This is awesome this is like a more scientifically consistant Richard Holdner. He does some awesome videos that show the BIG picture but knowing the effects of smaller less considered variables is important.
Awesome as always. What oil did you use? I reckon the difference is down to the side wall loading. Supposedly engine oils with added ZDDP provide better boundary layer performance than conventional oils.
That R/S concept goes from the older OHV V8 stuff. You can see the little drop down low, which is not taken in consideration as it is a high rpm engine. With a longer rod the piston spends more time closer to the spark plug making a better combustion at high RPM, but sucking at low RPM is more abrupt. It would be more pronounced if you had to move a lot of volume like in a V8 engine. The engine can’t suck more than the volume port basically, despite having a lot of pressure waves, it can’t suck in more volume than the dynamic relation of cylinder/cam size.
It must be because of friction why the power gets better with higher rod ratio? Lower rod ratio is favored with undersquare engines, having higher piston speeds and very well flowing cylinder heads, decent headers and intake (either invidual throttle bodies or well designed plenum with single throttle body). Another thing is burn speed on combustion chamber, that may have an effect on how changing rod ratio changes the power / torque curves. I do like to think with higher rod ratio, the piston can be made even shorter because of rod angle. Maybe helping it survive better at extreme pistons speeds.. ? Maybe some day I will know. Thanks for the great video - again!
now you really became my fave channel as i been telling about this to most people and always falls in def ears... weldone I better buy some merch now....
Thanks! This Videos are Gold! So much information in such a compact format, like it :) Would you consider testing Water Methanol Injection? Maybe a simple setup with Aliexpress garden water spray nozzles?
Every time I consider do a k24 or 3sge swap I come to your channel and learn something new about the 4age. Do you have the stock t50 transmission? Could you list the rods. Piston. Cam combo you have? I know you have change them so much I lost track of what works with what
Conventional(?) wisdom says lower rod ratio equals more torque, yes? However, looking at the bottom end of the curve idle hit to say 2-3k rpm doesn’t show that, the 1.58 shows fall off then build, is that correct?

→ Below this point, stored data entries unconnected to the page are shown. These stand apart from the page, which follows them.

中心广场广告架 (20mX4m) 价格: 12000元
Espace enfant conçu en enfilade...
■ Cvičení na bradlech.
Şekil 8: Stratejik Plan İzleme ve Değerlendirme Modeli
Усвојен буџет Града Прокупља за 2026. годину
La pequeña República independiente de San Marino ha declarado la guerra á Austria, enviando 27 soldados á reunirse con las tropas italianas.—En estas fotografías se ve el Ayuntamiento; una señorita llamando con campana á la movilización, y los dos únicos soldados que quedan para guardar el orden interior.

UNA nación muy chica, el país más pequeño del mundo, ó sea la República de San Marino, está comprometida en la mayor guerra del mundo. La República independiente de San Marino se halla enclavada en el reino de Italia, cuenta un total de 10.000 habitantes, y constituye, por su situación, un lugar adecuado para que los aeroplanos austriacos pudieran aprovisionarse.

Hi. First, congratulations for the videos you are making: they are extremely interesting and useful too. I have a question: what is the timing advance with 1.58 rod ratio? Thanks
@Riccardo Lari Yeah. The long rod engine I started with the ignition timing 5 degree retarded (less) across the whole map, compared to what it was running on the normal rod length engine.

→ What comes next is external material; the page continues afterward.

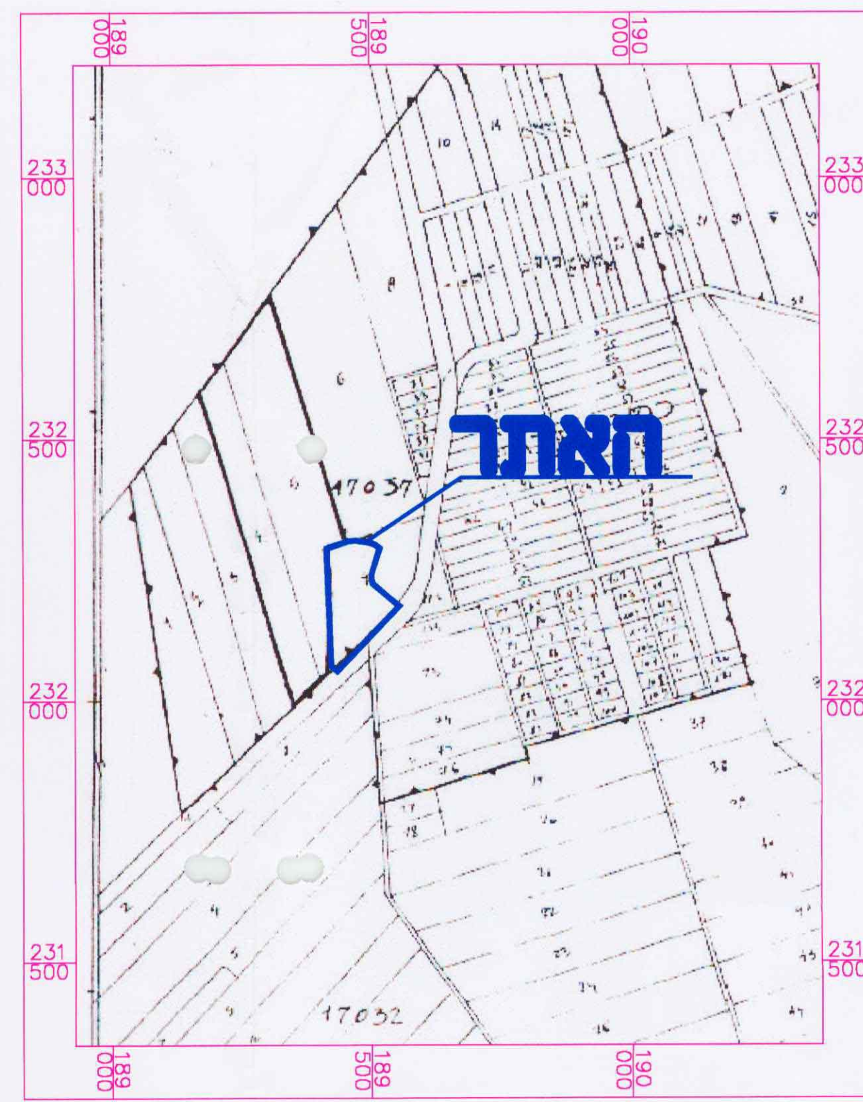
תרשים סביבה ק.ג.מ 1:10000

Interesting! I think is common knowledge that a shorter rod/stroke ratio gives better cylinder filling at midrange. But is this maybe true only for engines that have extreme valve lift and runs at extreme RPMs even with a long stroke? (I'm taking as an example the 4Pistons Honda K27 engine, capable of 10.000rpm with 106mm stroke and over 17mm of intake valve lift).
So a very wise tuner/engine builder here in US explained it to me very well. In Smokey's and The likes day, They did not have aftermarket heads that flowed. They used to have to message the stock stuff, and being all iron, it took TIME. One of the things they found was, adding rod ratio to get a better intake signal therefore a better intake charge. Today, in some setups it will gain 5ish hp maybe. There was a time and place this was new tech. The other thing to think ab: Is it worth the extra beating the crank/ journals/bearings are getting? I know of Nitrous guys that added just a bit and couldn't keep a crank or bearings in it. Infact, a lot of the older style "working every round" Nitrous engines imo were because if the extreme rod rat and how it beat the eng apart
@bloodspartan300 .... Ohhhh long rods......rightttt.......Personally, I have not found a situation that purposely putting more rod into it ever helped that much. You may get a few and I do mean a FEW extra HP, but it will absolutely eat parts faster. The rod ratio is the last thing I think ab. Get your Bore and Stroke figured, comp height, and connect the dots. Wtv the rod length is, that's it. Yes some really high HP Nitrous Cars do use longer rods, but they have the Bank Roll to sling a new Rack into it 3/4 times a weekend. Just my experience, and my thoughts. I have played with this a decent amnt over the yrs, and never found the extra Length rod helped that much.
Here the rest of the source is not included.